### Exercise description
After locating the line that bears "En mayo de 2024, la", restate word for word that line and the rest of the listing to its final line, excluding all pictures.

### Data excerpt
*** Begin section ***
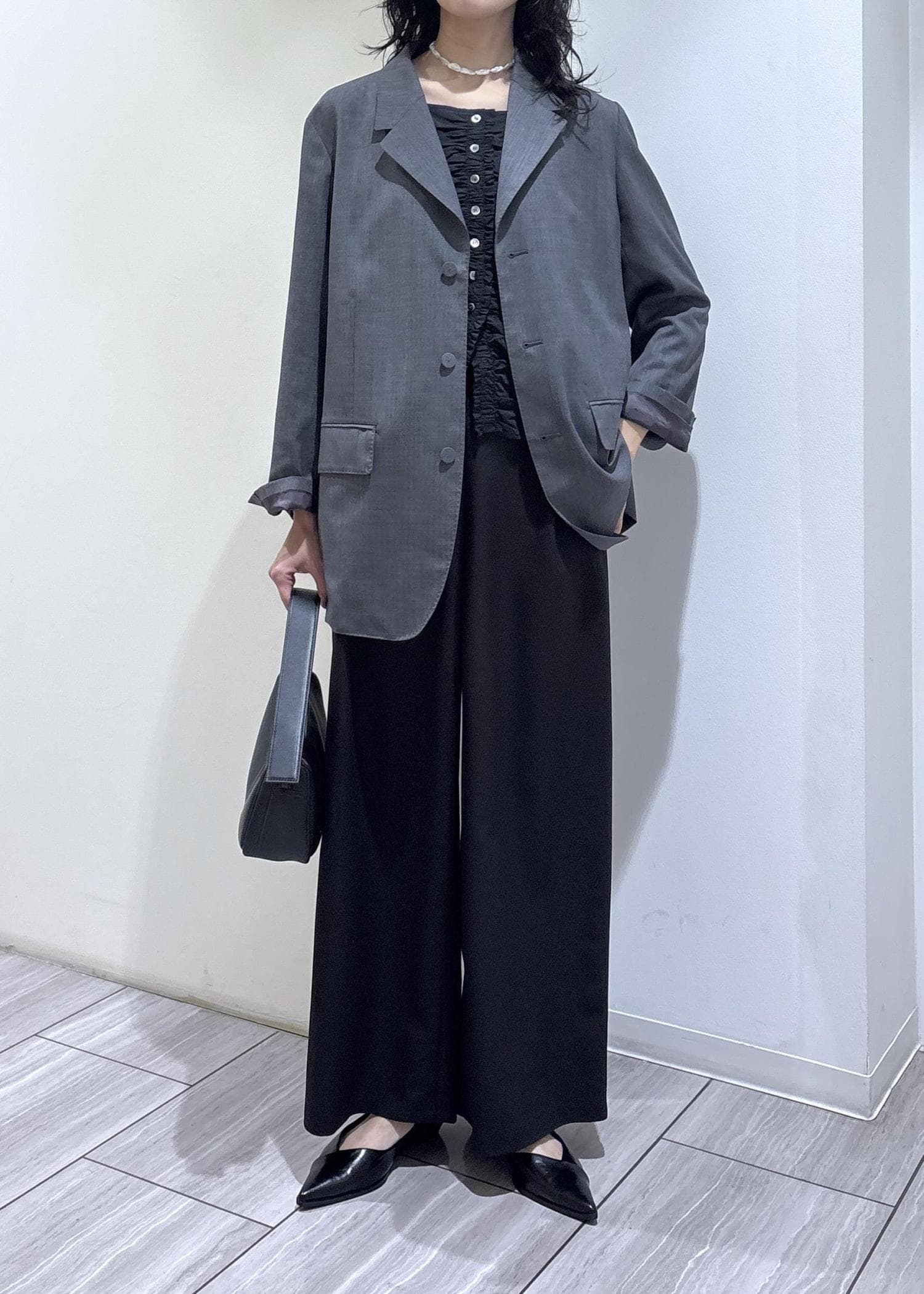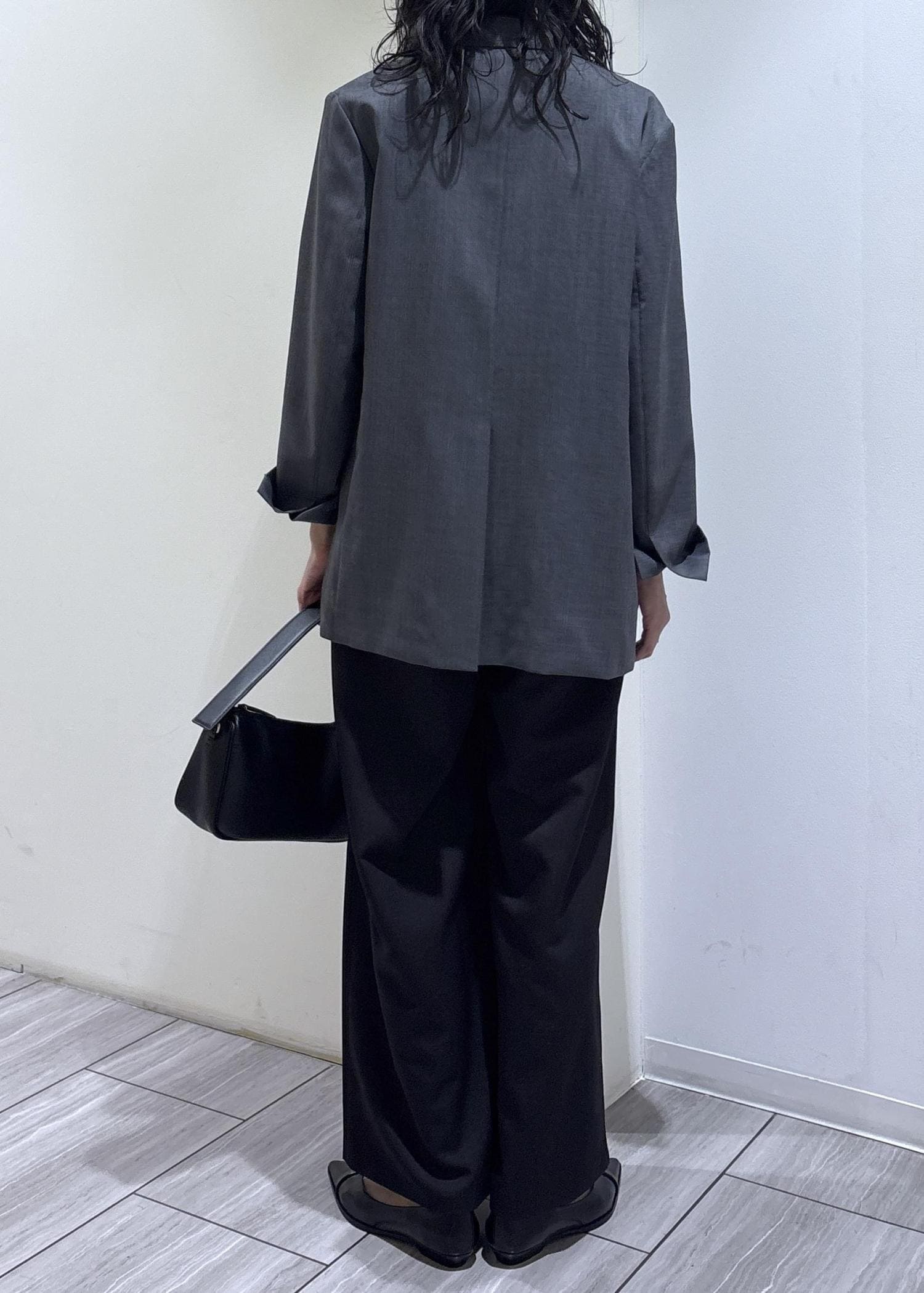 ジャケットはシングルでスッキリ、シャツ感覚でさっと羽織れてシワにもなりにくく便利な一着です◎
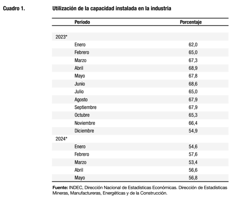 En mayo de 2024, la utilización de la capacidad instalada en la industria se ubica en 56,8%, nivel inferior al del mismo mes de 2023, que fue de 67,8%.
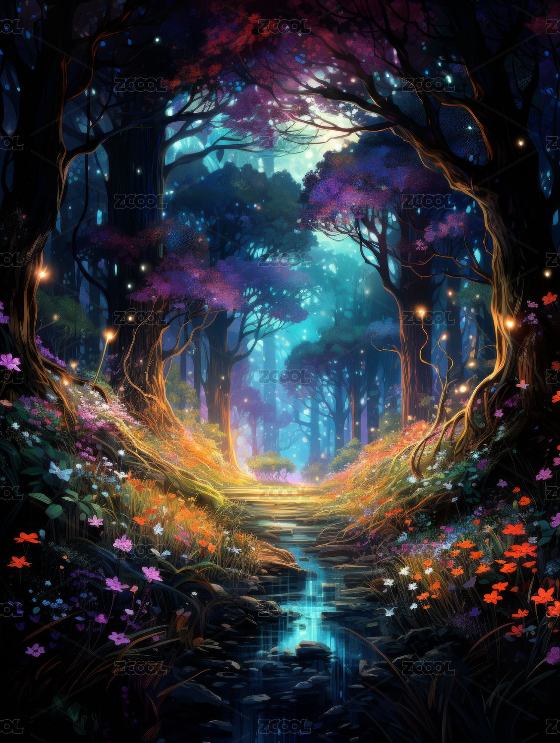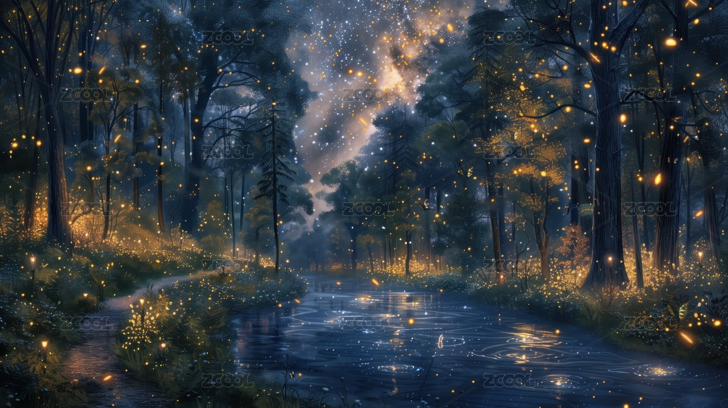 森林夜晚星空河流萤火虫神秘宁静唯美插画
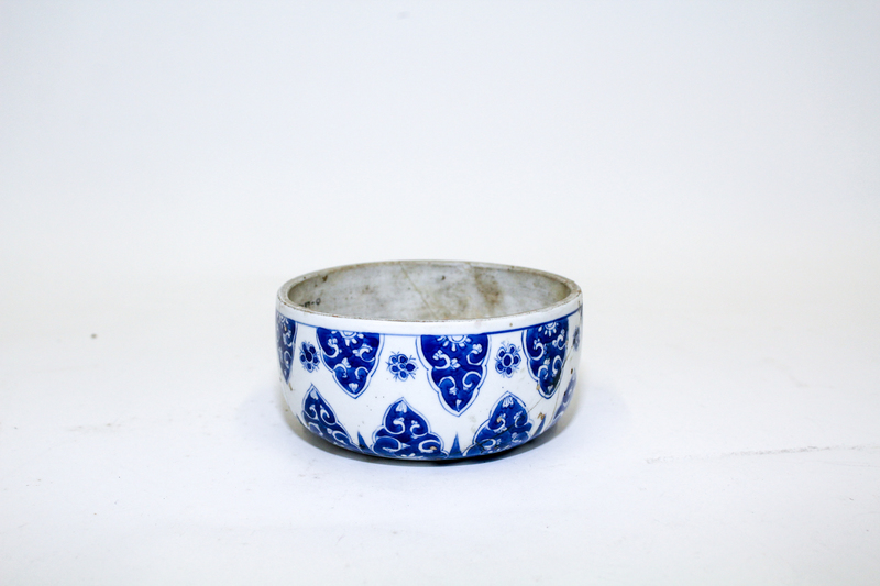 raised on a lotus form base above a rectangular plinth, together with a blue and white ginger jar cover.
*** End section ***
### Result for this task
 En mayo de 2024, la utilización de la capacidad instalada en la industria se ubica en 56,8%, nivel inferior al del mismo mes de 2023, que fue de 67,8%.
 森林夜晚星空河流萤火虫神秘宁静唯美插画
 raised on a lotus form base above a rectangular plinth, together with a blue and white ginger jar cover.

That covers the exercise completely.